==== EXCERPTED DATA ====

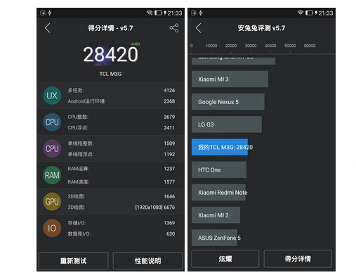 安兔兔评测AnTuTu Benchmark是一个专门给Android系统的手机、平板电脑硬件跑分的软件,它能一键运行完整测试项目,通过内存性能、CPU整数性能、CPU浮点性能、2D、3D绘图性能、数据库I/O、SD卡读、写速度等多项性能测试,并对手机的整体和单项硬件性能做出评分。通过安兔兔的硬件测试我们看到整体硬件方面的跑分成绩为28420分,在同配置产品当中属于正常表现。
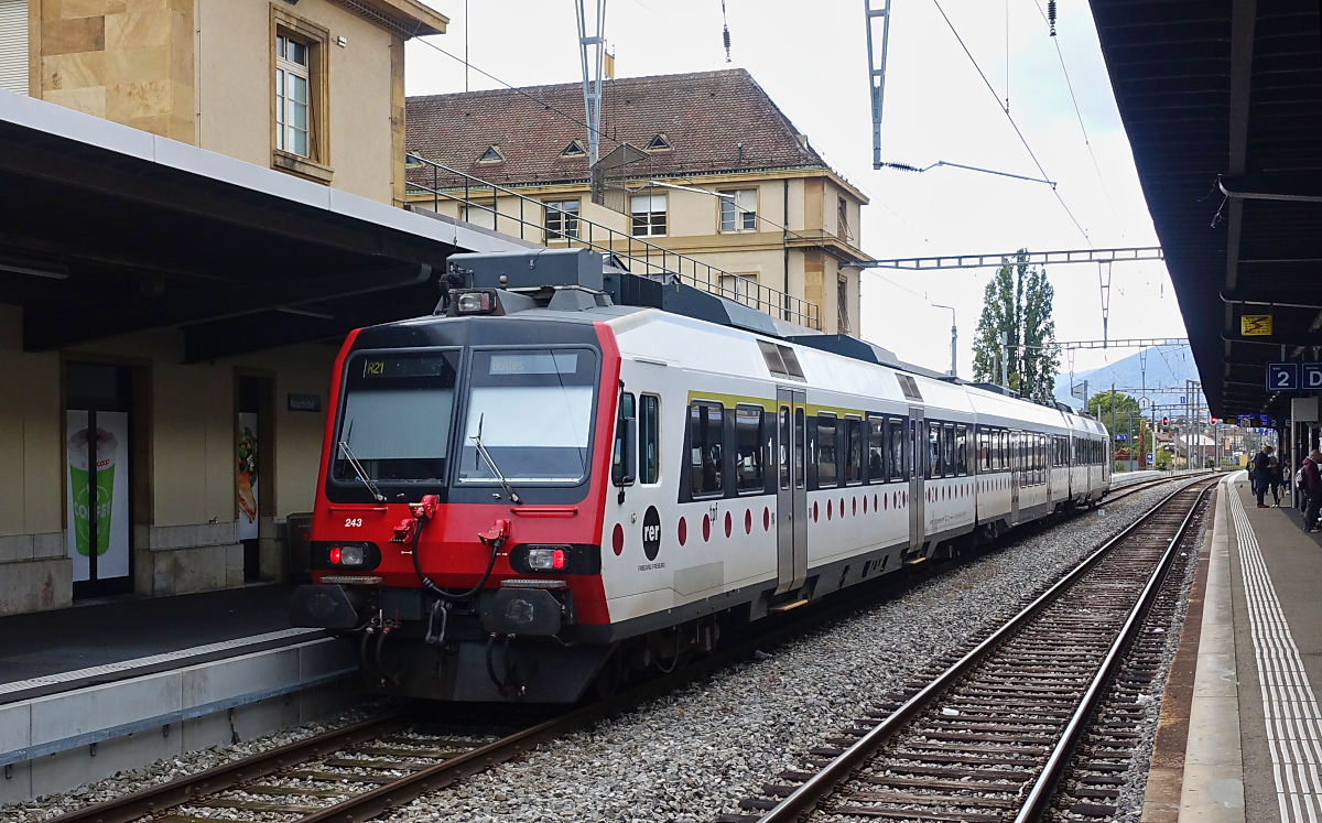 Als R 21 nach Bulles steht der TPF-RBDe 560 243 am 05.10.2025 abfahrbereit im Bahnhof Neuchatel
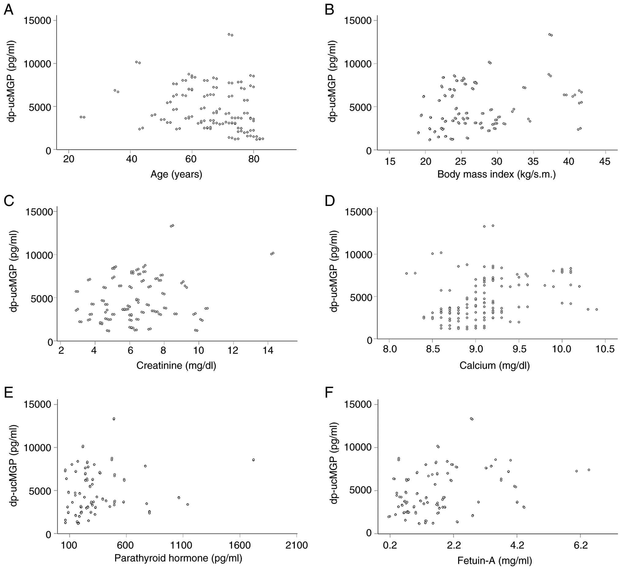 From the factors depicted in Table I, serum dp-ucMGP levels were correlated negatively with age (Rho=-0.302, P<0.001) (Fig. 5A), and positively with BMI (Rho=0.230, P=0.010) (Fig. 5B), creatinine (Rho-0.187, P=0.037) (Fig. 5C), calcium (Rho=0.398, P<0.001) (Fig. 5D), intact parathyroid hormone (iPTH; Rho=0.192, P=0.031) (Fig. 5E) and fetuin-A (Rho=0.311, P<0.001) (Fig. 5F). Notably, dp-ucMGP was not correlated with serum albumin (Rho=0.139, P=0.121) or the urea reduction ratio (Rho=-0.074, P=0.409) (data not shown). Although no correlation was detected with CRP (Rho=-0.153, P=0.087), when a CRP cut-off point of 1 mg/dl was set for defining inflammation, those with inflammation had lower dp-ucMGP levels [3,631.09 (2,492.57-6,218.71) pg/ml] than those without inflammation [4,684.97 (3,181.79-7,197.20) pg/ml] (P=0.032, Mann-Whitney U test) (Table III).
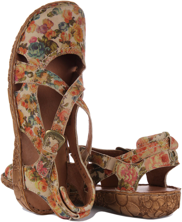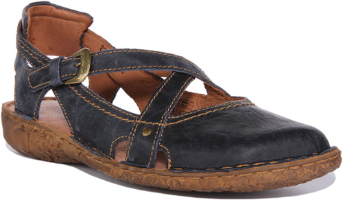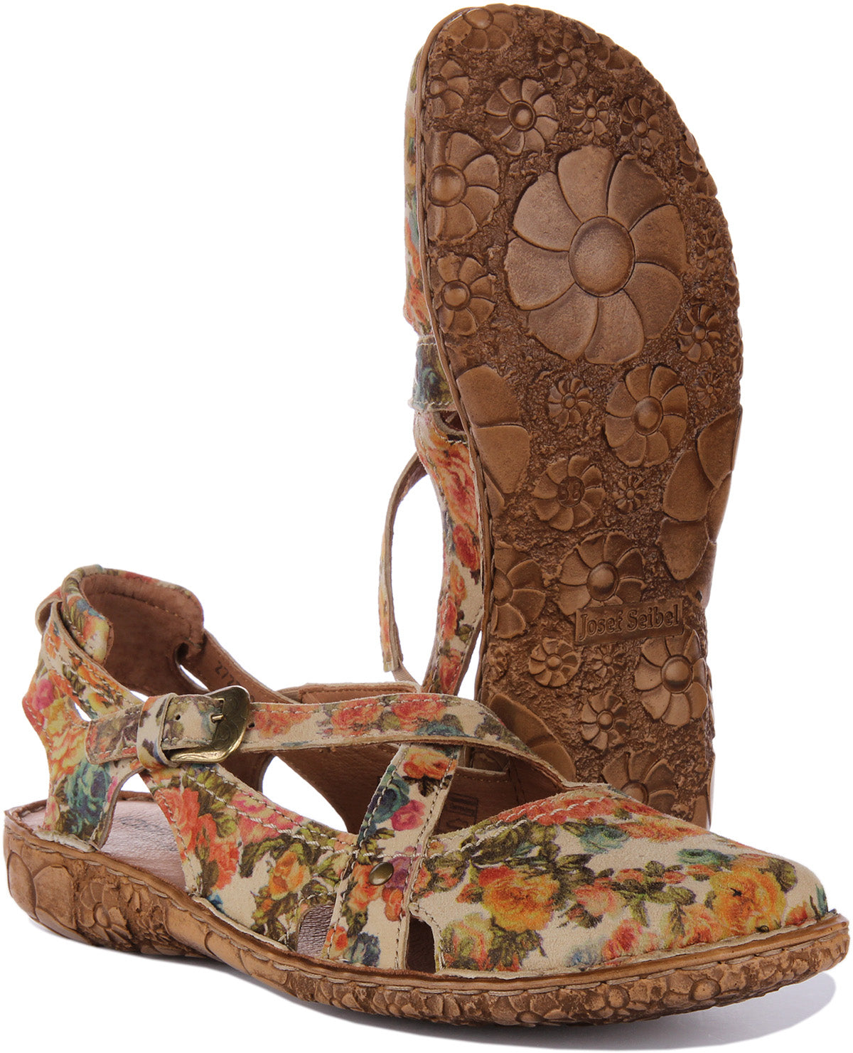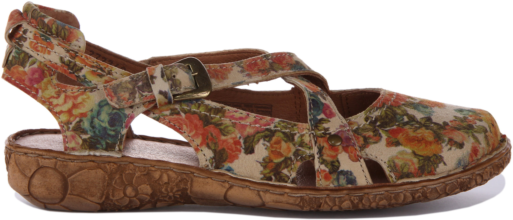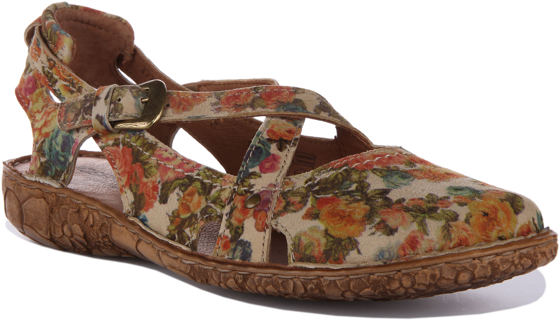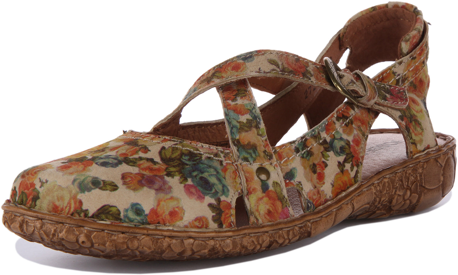 Ladies closed-toe summer sandal featuring pump shoe style and a cut out design to the side, sitting atop the classic Rosalie floral sole unit. This fresh new addition to spring range has a delicate handstitched finish and is crafted in soft supple leathers. It features buckle closure for adjustable and secured fit. The high-strength PU cork outsole with TR thread is ideal for active and fashion-conscious women.
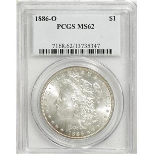 <B>1886-O $1 MS62 PCGS.</B></I> Lustrous and essentially untoned, except for faint plum color near the lower left obverse rim. Boldly struck and nicely detailed on the hair just above Liberty's ear, and on the eagle's breast feathers. Scattered small abrasions define the grade. <BR><I>From The Mario Eller Collection, Part Two.</B></I><BR><BR><B>Coin Engraver:</B> George T. Morgan<BR><BR><b>Shipping:</b> Coins & Currency (<a target="_blank" href="http://www.heritageauctions.com/common/shipping.php">view shipping information</a>)
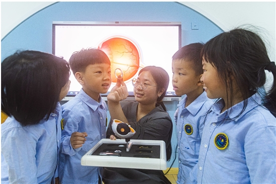 6月6日是第二十九个“全国爱眼日”,今年的爱眼日主题是“关注普遍的眼健康”。6月6日,太平街道中心幼儿园开展爱眼日主题活动,老师们通过课件、眼球模型讲解、视力测试等方式,让孩子们意识到近视的危害以及保护视力的重要性,倡导养成爱眼、护眼的良好习惯。
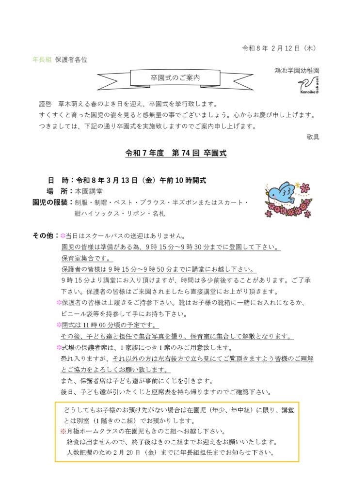 【年長組】卒園式のご案内
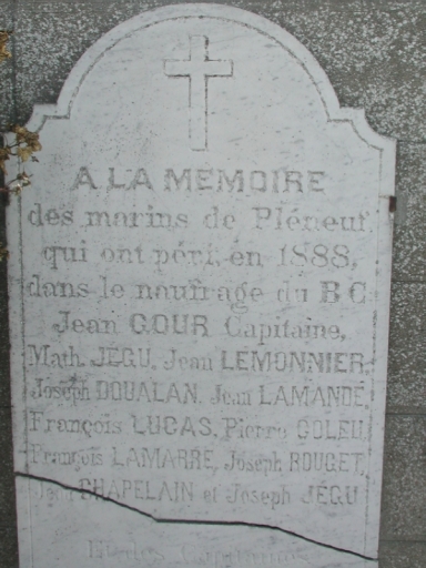 Plaque funéraire aux péris en mer du navire BC, 1888Immatriculation
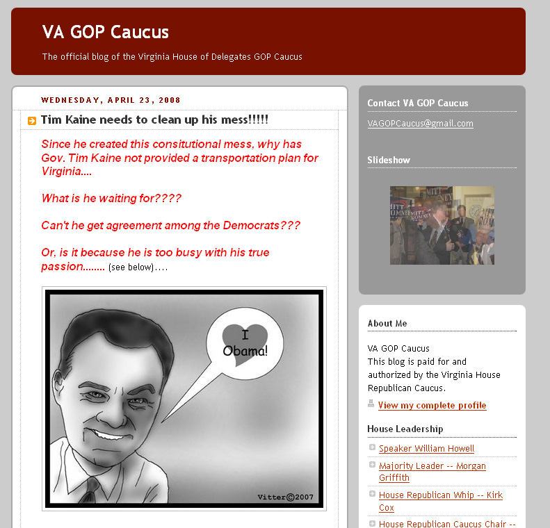 Of course, the sub-title for the blog still reads, “The official blog of the Virginia House of Delegates GOP Caucus.” What a bunch of winners. Too bad you can clearly see the paid for by disclaimer in the screen cap Vivian took of the stolen artwork….
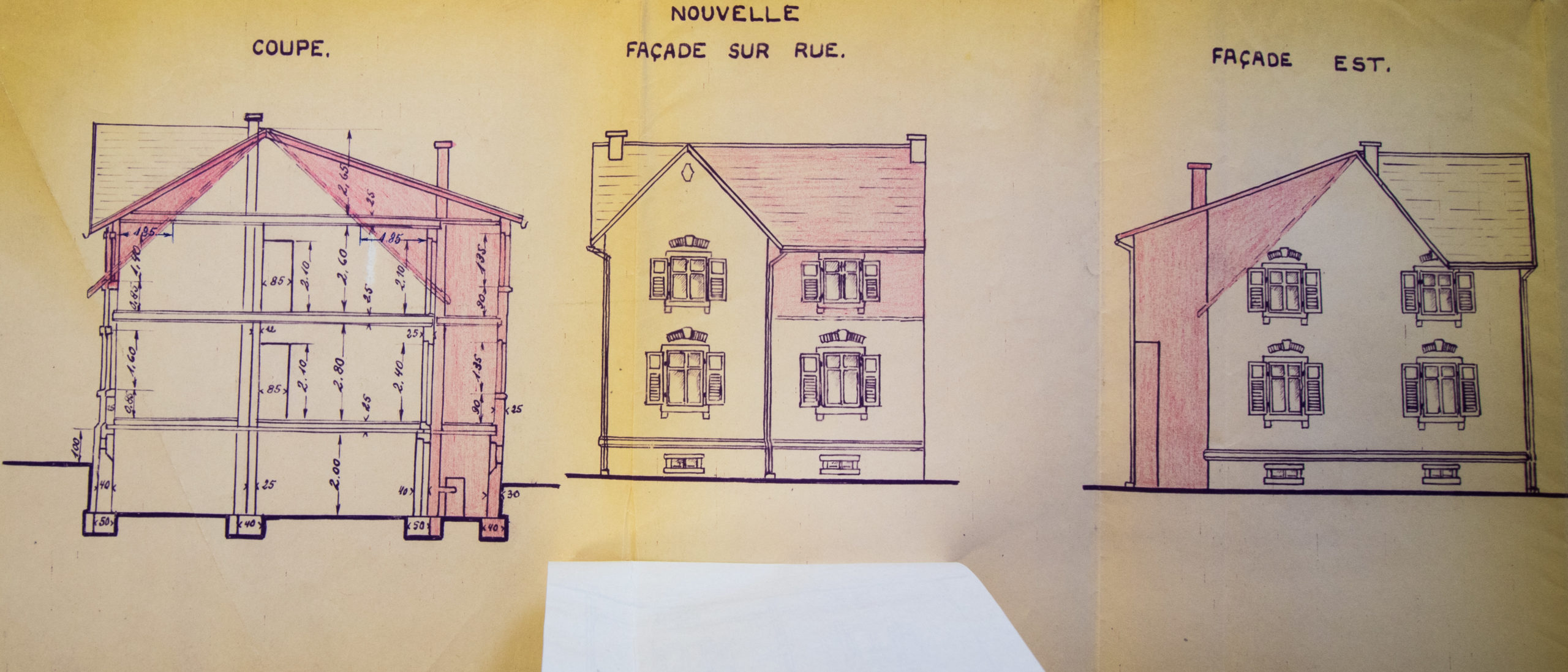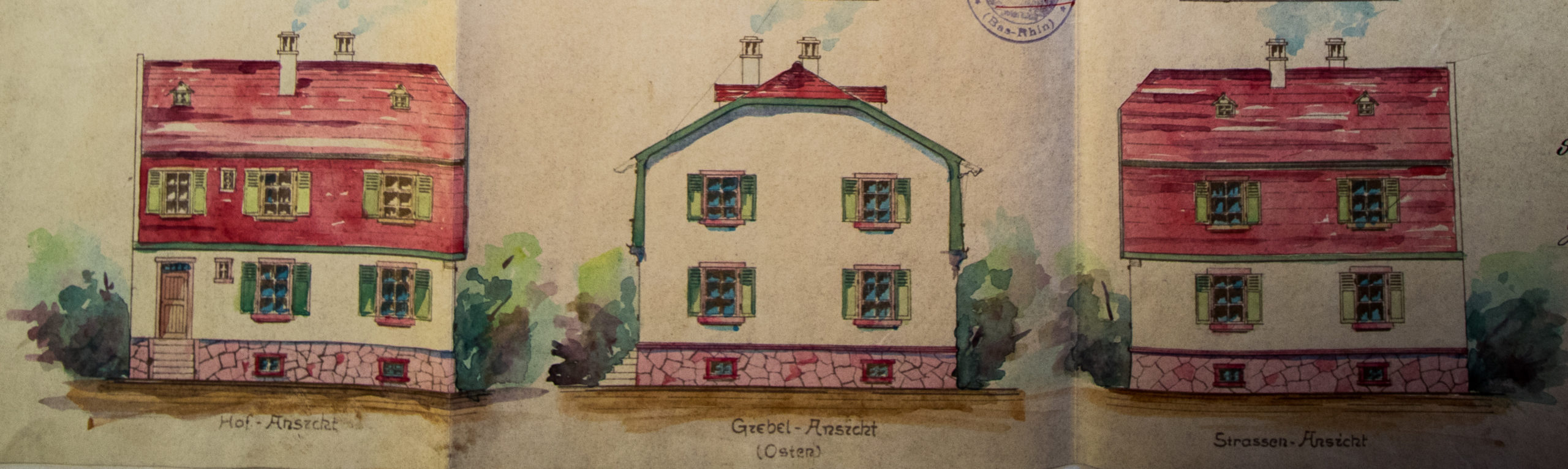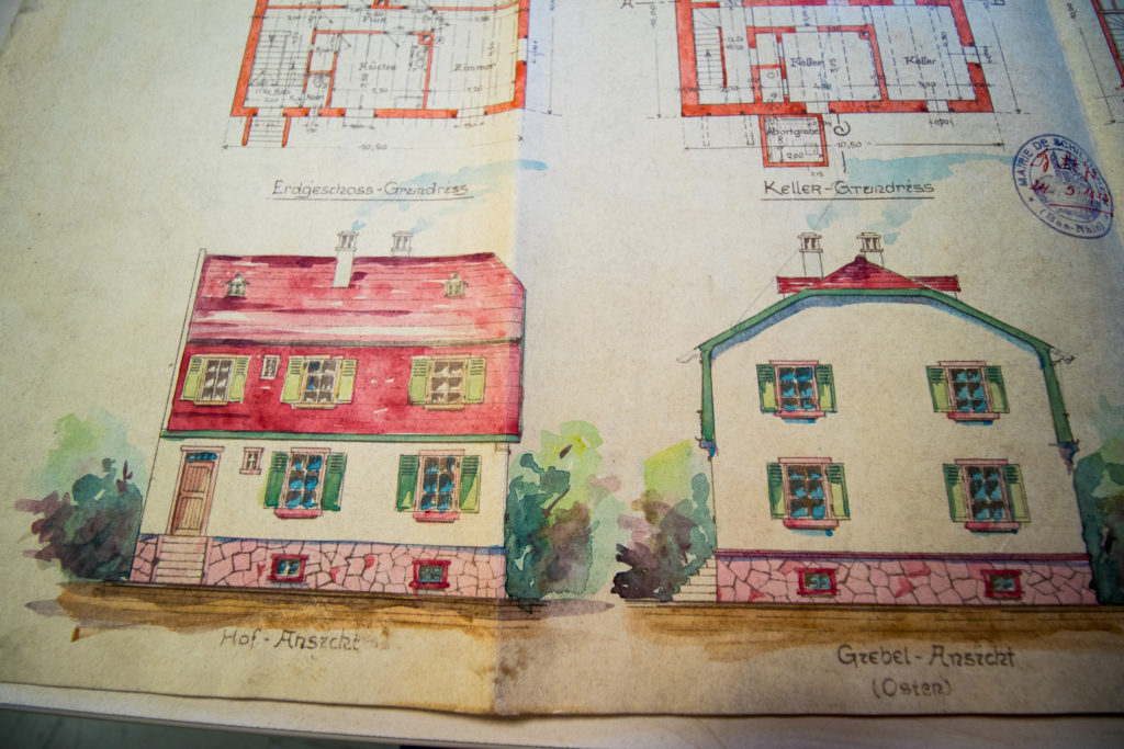Quoi de mieux que de prendre rendez-vous auprès de l’archiviste pour se rendre compte de l’historique d’une maison. Un dossier d’une quarantaine de pages tous traitant de la maison : projets, permis de construire, demande de travaux, autorisations et certificats… Une belle mine d’or d’information et… des plans dignes de tableaux en aquarelle ! Mais sur ce projet est inscrit « nicht aus gericht » n’a pas été réalisé. En effet, la maison en est tout autre mais on reconnait quand même quelques ressemblances, à commencer par la façade Est et Nord.

====

▸ REQUIRED WORK: Could the entries above be written out word for word, with no pictures?

▸ RESULT:
 安兔兔评测AnTuTu Benchmark是一个专门给Android系统的手机、平板电脑硬件跑分的软件,它能一键运行完整测试项目,通过内存性能、CPU整数性能、CPU浮点性能、2D、3D绘图性能、数据库I/O、SD卡读、写速度等多项性能测试,并对手机的整体和单项硬件性能做出评分。通过安兔兔的硬件测试我们看到整体硬件方面的跑分成绩为28420分,在同配置产品当中属于正常表现。
 Als R 21 nach Bulles steht der TPF-RBDe 560 243 am 05.10.2025 abfahrbereit im Bahnhof Neuchatel
 From the factors depicted in Table I, serum dp-ucMGP levels were correlated negatively with age (Rho=-0.302, P<0.001) (Fig. 5A), and positively with BMI (Rho=0.230, P=0.010) (Fig. 5B), creatinine (Rho-0.187, P=0.037) (Fig. 5C), calcium (Rho=0.398, P<0.001) (Fig. 5D), intact parathyroid hormone (iPTH; Rho=0.192, P=0.031) (Fig. 5E) and fetuin-A (Rho=0.311, P<0.001) (Fig. 5F). Notably, dp-ucMGP was not correlated with serum albumin (Rho=0.139, P=0.121) or the urea reduction ratio (Rho=-0.074, P=0.409) (data not shown). Although no correlation was detected with CRP (Rho=-0.153, P=0.087), when a CRP cut-off point of 1 mg/dl was set for defining inflammation, those with inflammation had lower dp-ucMGP levels [3,631.09 (2,492.57-6,218.71) pg/ml] than those without inflammation [4,684.97 (3,181.79-7,197.20) pg/ml] (P=0.032, Mann-Whitney U test) (Table III).
 Ladies closed-toe summer sandal featuring pump shoe style and a cut out design to the side, sitting atop the classic Rosalie floral sole unit. This fresh new addition to spring range has a delicate handstitched finish and is crafted in soft supple leathers. It features buckle closure for adjustable and secured fit. The high-strength PU cork outsole with TR thread is ideal for active and fashion-conscious women.
 <B>1886-O $1 MS62 PCGS.</B></I> Lustrous and essentially untoned, except for faint plum color near the lower left obverse rim. Boldly struck and nicely detailed on the hair just above Liberty's ear, and on the eagle's breast feathers. Scattered small abrasions define the grade. <BR><I>From The Mario Eller Collection, Part Two.</B></I><BR><BR><B>Coin Engraver:</B> George T. Morgan<BR><BR><b>Shipping:</b> Coins & Currency (<a target="_blank" href="http://www.heritageauctions.com/common/shipping.php">view shipping information</a>)
 6月6日是第二十九个“全国爱眼日”,今年的爱眼日主题是“关注普遍的眼健康”。6月6日,太平街道中心幼儿园开展爱眼日主题活动,老师们通过课件、眼球模型讲解、视力测试等方式,让孩子们意识到近视的危害以及保护视力的重要性,倡导养成爱眼、护眼的良好习惯。
 【年長組】卒園式のご案内
 Plaque funéraire aux péris en mer du navire BC, 1888Immatriculation
 Of course, the sub-title for the blog still reads, “The official blog of the Virginia House of Delegates GOP Caucus.” What a bunch of winners. Too bad you can clearly see the paid for by disclaimer in the screen cap Vivian took of the stolen artwork….
Quoi de mieux que de prendre rendez-vous auprès de l’archiviste pour se rendre compte de l’historique d’une maison. Un dossier d’une quarantaine de pages tous traitant de la maison : projets, permis de construire, demande de travaux, autorisations et certificats… Une belle mine d’or d’information et… des plans dignes de tableaux en aquarelle ! Mais sur ce projet est inscrit « nicht aus gericht » n’a pas été réalisé. En effet, la maison en est tout autre mais on reconnait quand même quelques ressemblances, à commencer par la façade Est et Nord.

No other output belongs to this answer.